In the field of machine learning, particularly in generative adversarial networks (GANs), there is a growing interest in developing new techniques to improve their performance. One such approach is regularization, which helps to stabilize the training process and enhance the quality of generated samples. In this article, we propose a novel regularization strategy called SMaRt, designed specifically for GAN training.
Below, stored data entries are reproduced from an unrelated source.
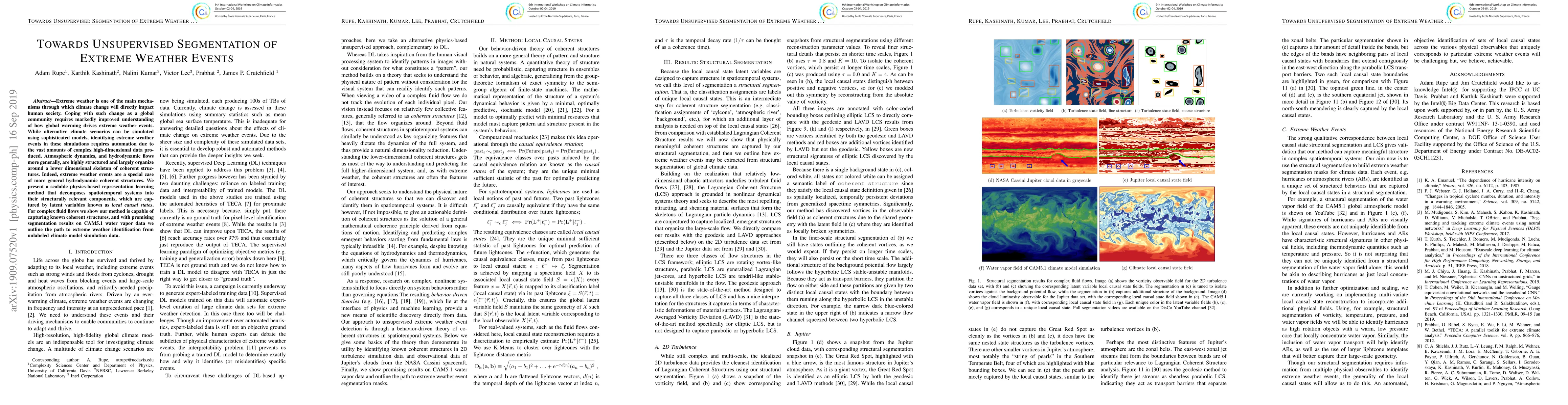 Extreme weather is one of the main mechanisms through which climate change will directly impact human society. Coping with such change as a global community requires markedly improved understanding of how global warming drives extreme weather events. While alternative climate scenarios can be simulated using sophisticated models, identifying extreme weather events in these simulations requires automation due to the vast amounts of complex high-dimensional data produced. Atmospheric dynamics, and hydrodynamic flows more generally, are highly structured and largely organize around a lower dimensional skeleton of coherent structures. Indeed, extreme weather events are a special case of more general hydrodynamic coherent structures. We present a scalable physics-based representation learning method that decomposes spatiotemporal systems into their structurally relevant components, which are captured by latent variables known as local causal states. For complex fluid flows we show our method is capable of capturing known coherent structures, and with promising segmentation results on CAM5.1 water vapor data we outline the path to extreme weather identification from unlabeled climate model simulation data.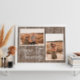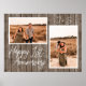 Pôster personalizado de colagem de fotos para o 1º aniversário de casamento. Apresenta uma imagem de fundo em madeira marrom escuro e pode ser personalizado com as iniciais do casal ou qualquer texto personalizado para celebrar o primeiro ano de casados.
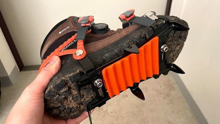 写真のものは6本ツメですが、本格的な冬山になると10~12本のツメがついたアイゼンを着用するなど、用途によって使い分けます。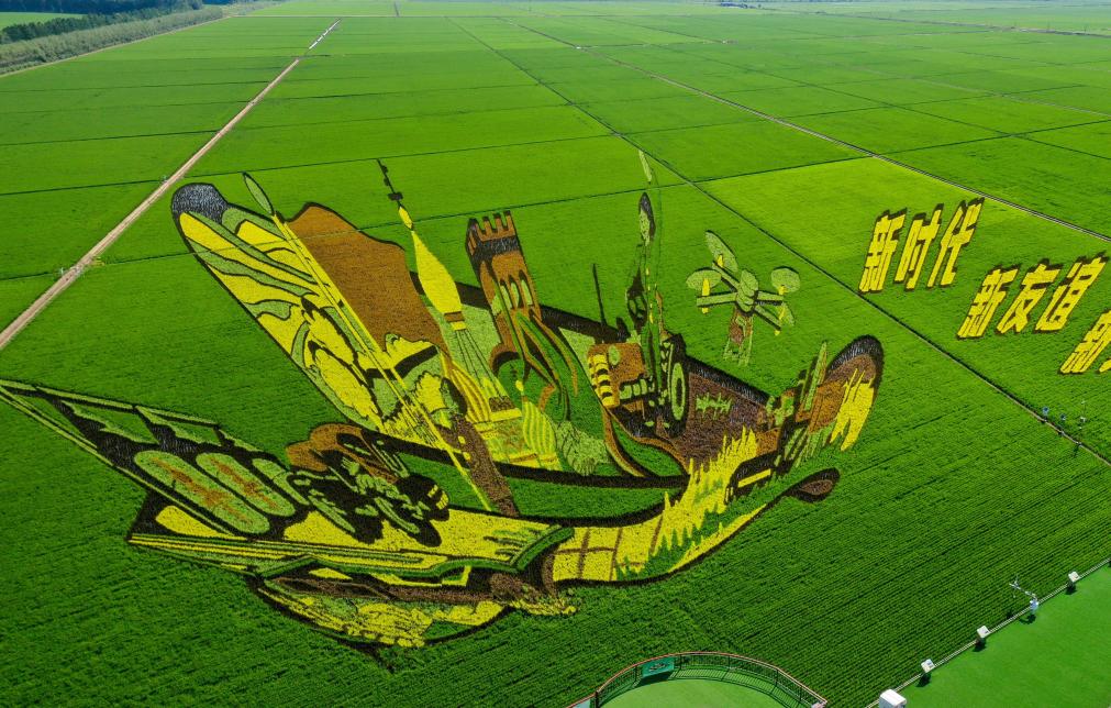 7月4日在北大荒集团友谊农场有限公司田间拍摄的稻田画(无人机照片)。新华社发(徐宏宇摄)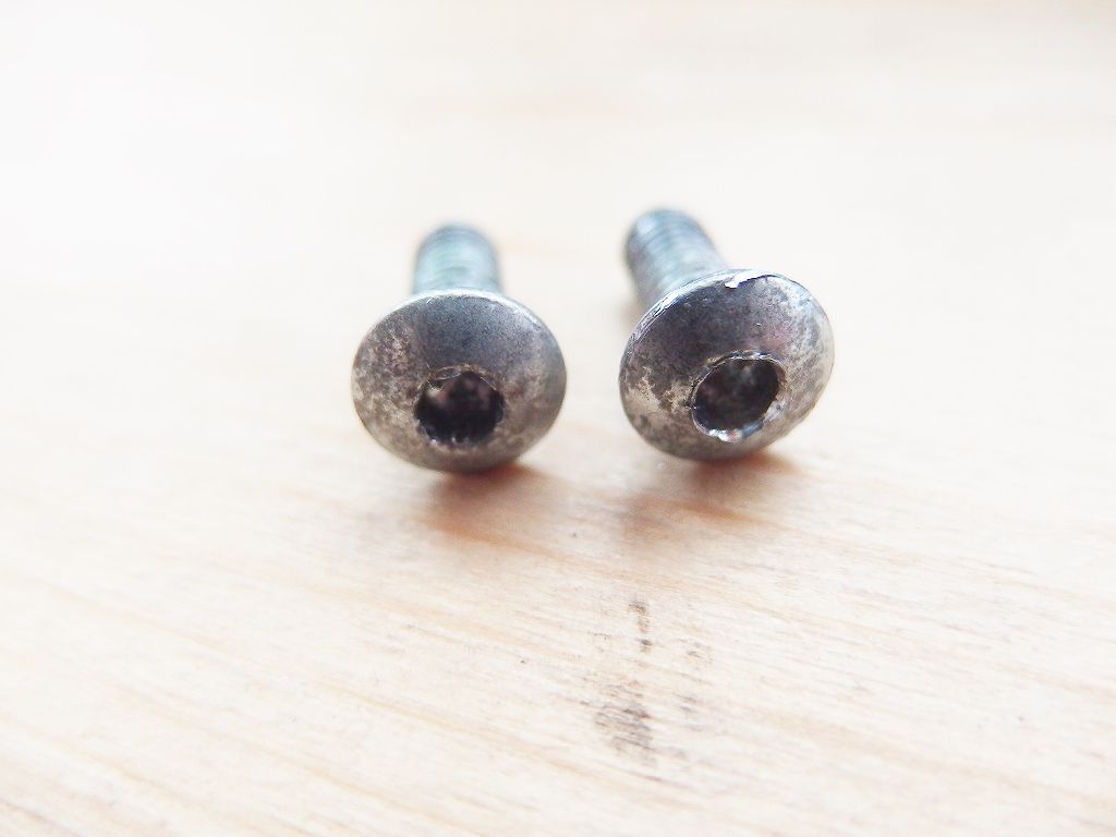 そこまで大変ではないのですが、こういった低頭皿ボルトタイプでボトルケージのように奥まったところのものはネジザウルスのようなものは入りませんし、場合によってはかなり苦労することもあります。
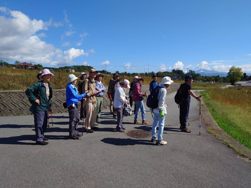 前半は三分一湧水を見学し、由来、仕組み、災害の話、この地での農業用水を巡る色々話がありました。開けた農道に出ると四方に広がる南アルプスなどの山々を見ながらの話が広がりました。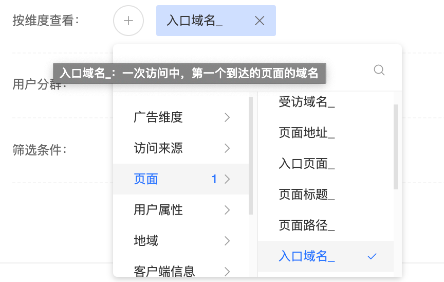 增加「入口域名」维度,支持从入口页面的域名维度分析数据表现。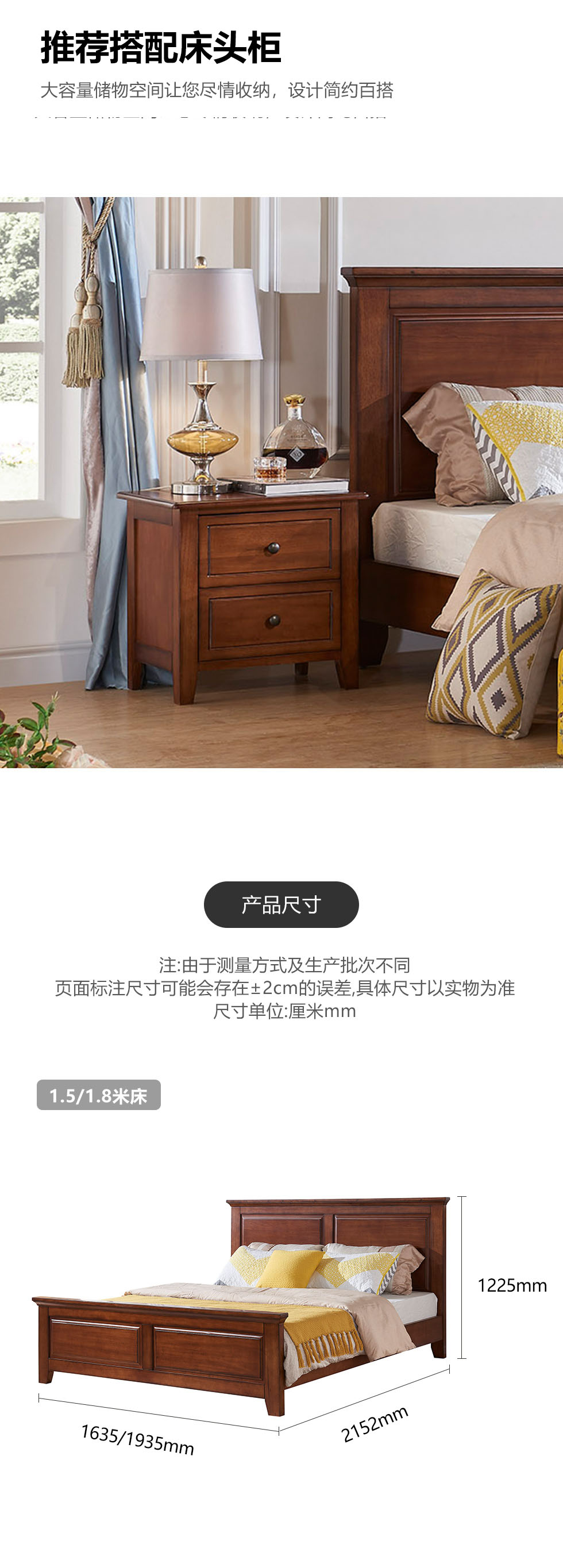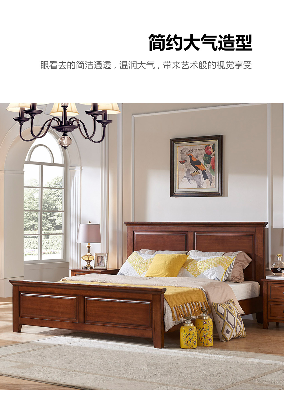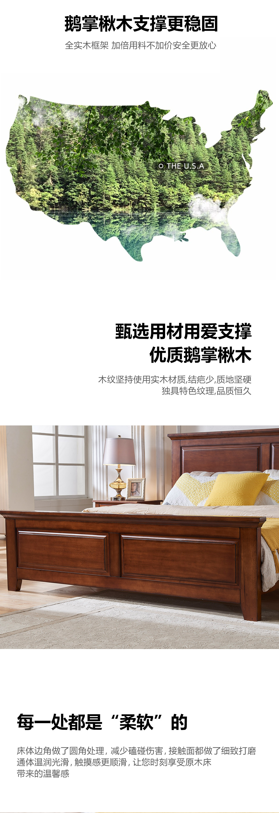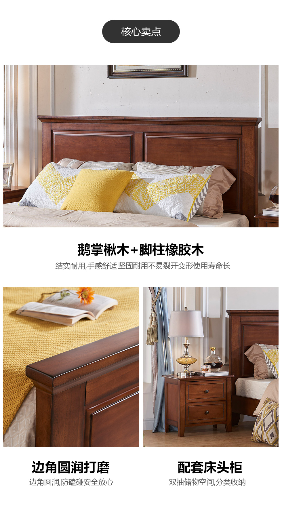多纳宝 美式 美式 鹅掌楸木+脚柱橡胶木 1.8米床
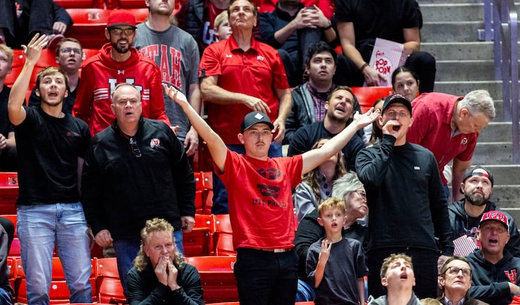 Utah fans protest a referee’s call during an NCAA basketball game against Iowa State held at the Huntsman Center in Salt Lake City on Tuesday, Feb. 24, 2026. | Isaac Hale, Deseret News

SMaRt: A Regularization Strategy

SMaRt is based on the idea of adding a small perturbation to the input noise of the generator network during training. This perturbation helps to expand the space of possible samples and encourages the generator to produce more diverse outputs. By doing so, SMaRt can improve the quality of generated samples while maintaining a high training speed.
The core idea of SMaRt is to introduce a small amount of noise into the input of the generator network at each time step. This noise is carefully calibrated based on the current state of the discriminator and the generator, so that it does not interfere with the training process but rather helps to improve it. By adding this noise, SMaRt can encourage the generator to explore new regions of the output space, leading to more diverse and high-quality samples.

Empirical Results

We evaluated the effectiveness of SMaRt through extensive experiments on several benchmark datasets. Our results show that SMaRt can significantly improve the quality of generated samples while maintaining a competitive training speed. In particular, we found that SMaRt can achieve state-of-the-art performance in terms of both visual quality and diversity of generated samples.

Conclusion

In conclusion, SMaRt is a simple yet effective regularization strategy for GAN training. By adding a small perturbation to the input noise of the generator network, SMaRt can improve the quality of generated samples while maintaining a high training speed. Our experimental results demonstrate the superiority of SMaRt over existing regularization techniques in terms of both visual quality and diversity. As such, we believe that SMaRt has great potential for applications in various fields of machine learning.